_Problem statement_
I need an exact copy of the lines from the one containing "TIGHTENING TORQUE" through the end of the records, without any pictures.

————————

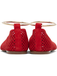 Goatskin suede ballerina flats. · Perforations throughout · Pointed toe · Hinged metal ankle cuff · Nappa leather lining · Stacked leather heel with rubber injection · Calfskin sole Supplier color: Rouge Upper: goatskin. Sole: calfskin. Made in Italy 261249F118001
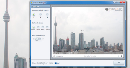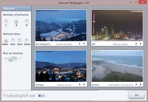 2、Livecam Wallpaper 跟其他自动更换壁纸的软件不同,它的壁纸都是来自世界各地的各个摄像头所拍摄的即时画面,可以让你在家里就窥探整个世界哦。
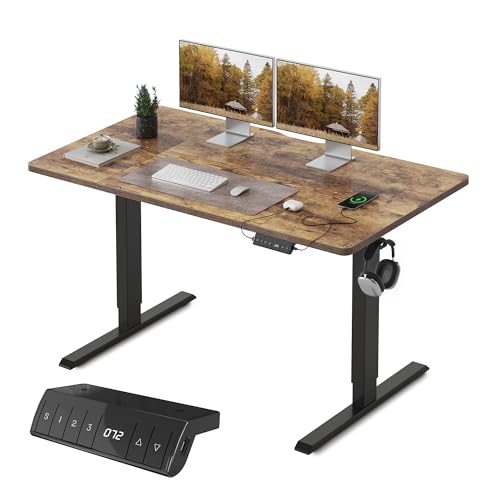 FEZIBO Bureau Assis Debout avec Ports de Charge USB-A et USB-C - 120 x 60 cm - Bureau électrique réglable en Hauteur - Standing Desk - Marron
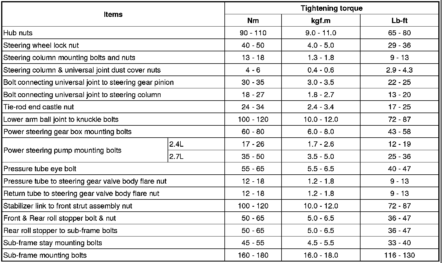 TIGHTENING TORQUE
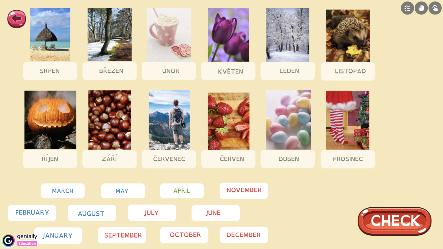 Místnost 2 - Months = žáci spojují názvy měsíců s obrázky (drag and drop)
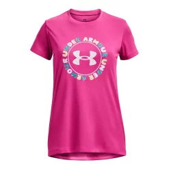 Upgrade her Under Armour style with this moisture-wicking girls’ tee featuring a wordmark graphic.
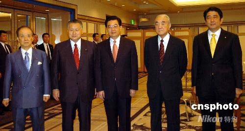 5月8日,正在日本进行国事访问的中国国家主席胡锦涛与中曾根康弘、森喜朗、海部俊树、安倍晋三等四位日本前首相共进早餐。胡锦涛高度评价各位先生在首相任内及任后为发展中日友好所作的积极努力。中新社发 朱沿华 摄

————————

_Solution_
 TIGHTENING TORQUE
 Místnost 2 - Months = žáci spojují názvy měsíců s obrázky (drag and drop)
 Upgrade her Under Armour style with this moisture-wicking girls’ tee featuring a wordmark graphic.
 5月8日,正在日本进行国事访问的中国国家主席胡锦涛与中曾根康弘、森喜朗、海部俊树、安倍晋三等四位日本前首相共进早餐。胡锦涛高度评价各位先生在首相任内及任后为发展中日友好所作的积极努力。中新社发 朱沿华 摄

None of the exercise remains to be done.